Return the lines that run from the line containing "提起西北的美食,就少不了肥美" through the end of the entries, both ends included. Leave out all pictures.

=== PROVIDED ENTRIES ===
──────────
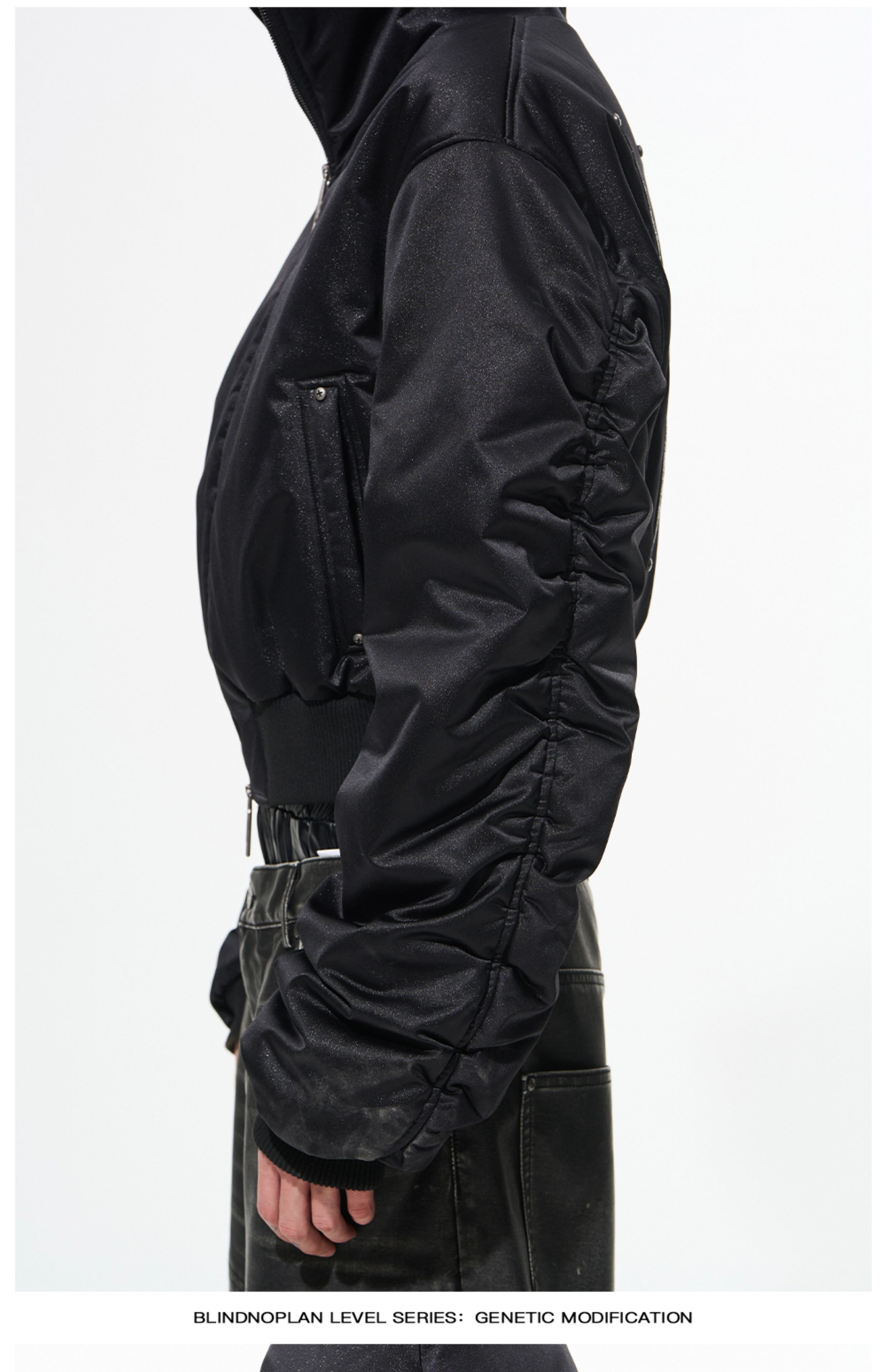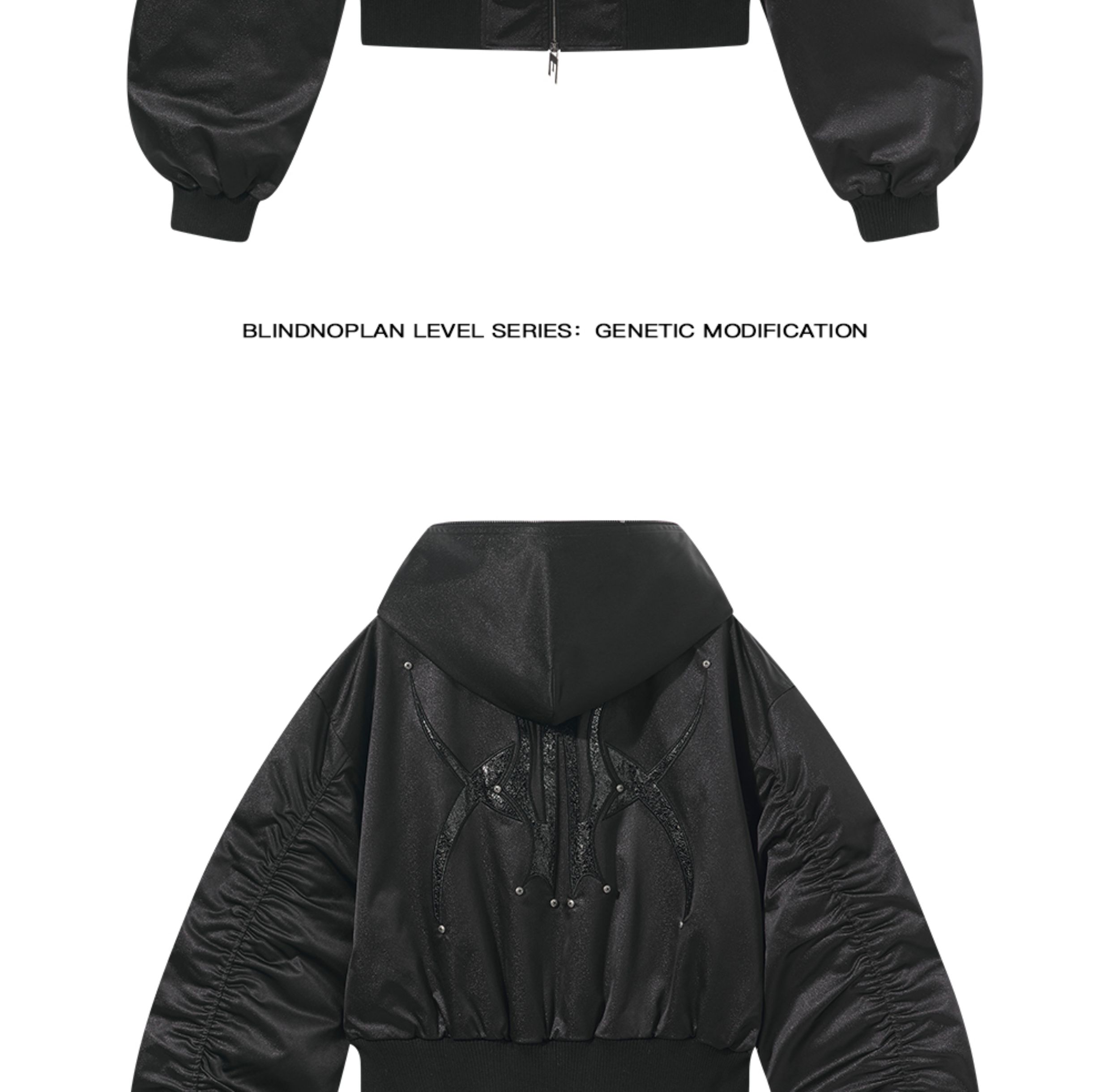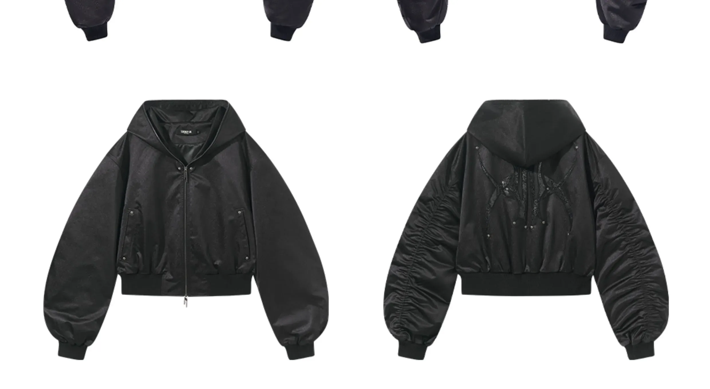 Design Details: Hooded loose-ftting body, sihouette sense of full, hit nail embelishment, details of texture.The fabric has a smooth texture and a clear pattern, providing excellent warmth and comfort, perfect for colder weather.
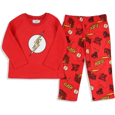 - CLASSIC CHARACTER DESIGN – This pajama set-top features a raglan long-sleeved style fit with the classic comic-style print of The Flash logo. The pants feature an all-over image of The Flash running with his lightning bolt and title logo next to him.
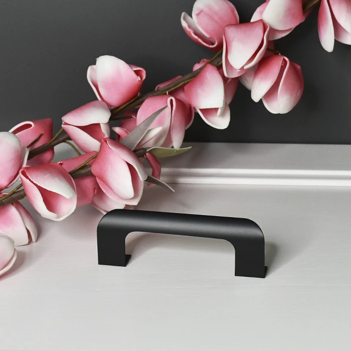 Меблева ручка-скоба з матовим чорним покриттям має міжцентрову відстань 96 мм. Вона гармонійно підходить для меблів у сучасному стилі.
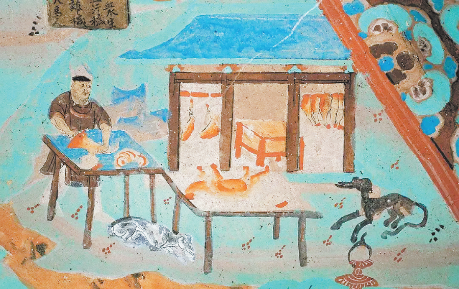 提起西北的美食,就少不了肥美牛羊肉。畜牧業(yè)發(fā)達(dá)的敦煌,這些優(yōu)質(zhì)的肉類絕不會(huì)斷貨。莫高窟第61窟、第85窟、第156窟等,都出現(xiàn)了“肉鋪”的場(chǎng)面。
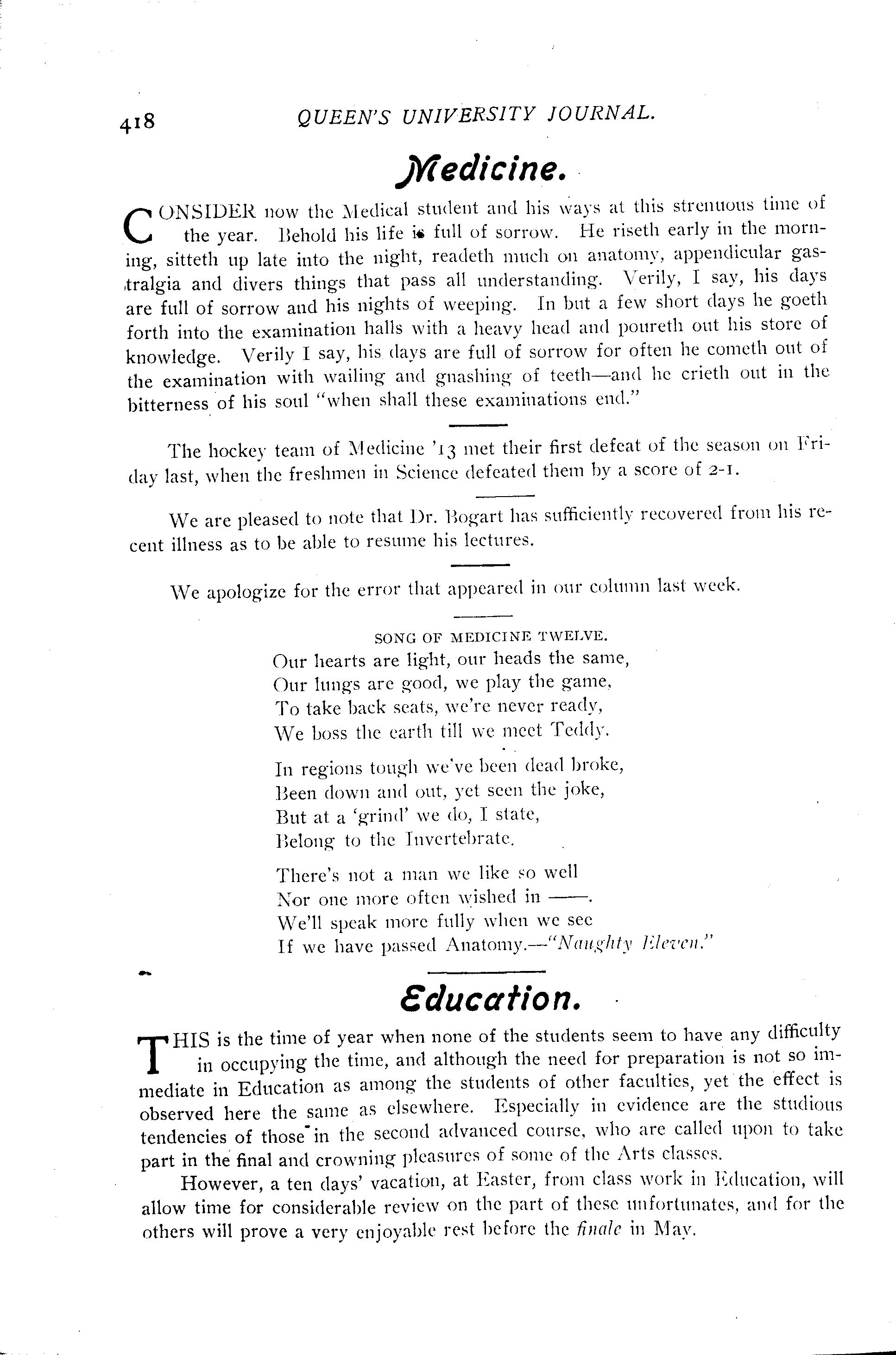 Queen's University journal : Vol. 37, no. 20 (Mar. 23, 1910)
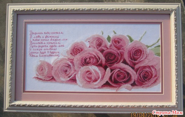 А ещё у нас есть повторяющаяся работа Татьяна и Екатерина вышили одинаковые розы в вазе
──────────
=== OUTPUT FOR THIS EXERCISE ===
 提起西北的美食,就少不了肥美牛羊肉。畜牧業(yè)發(fā)達(dá)的敦煌,這些優(yōu)質(zhì)的肉類絕不會(huì)斷貨。莫高窟第61窟、第85窟、第156窟等,都出現(xiàn)了“肉鋪”的場(chǎng)面。
 Queen's University journal : Vol. 37, no. 20 (Mar. 23, 1910)
 А ещё у нас есть повторяющаяся работа Татьяна и Екатерина вышили одинаковые розы в вазе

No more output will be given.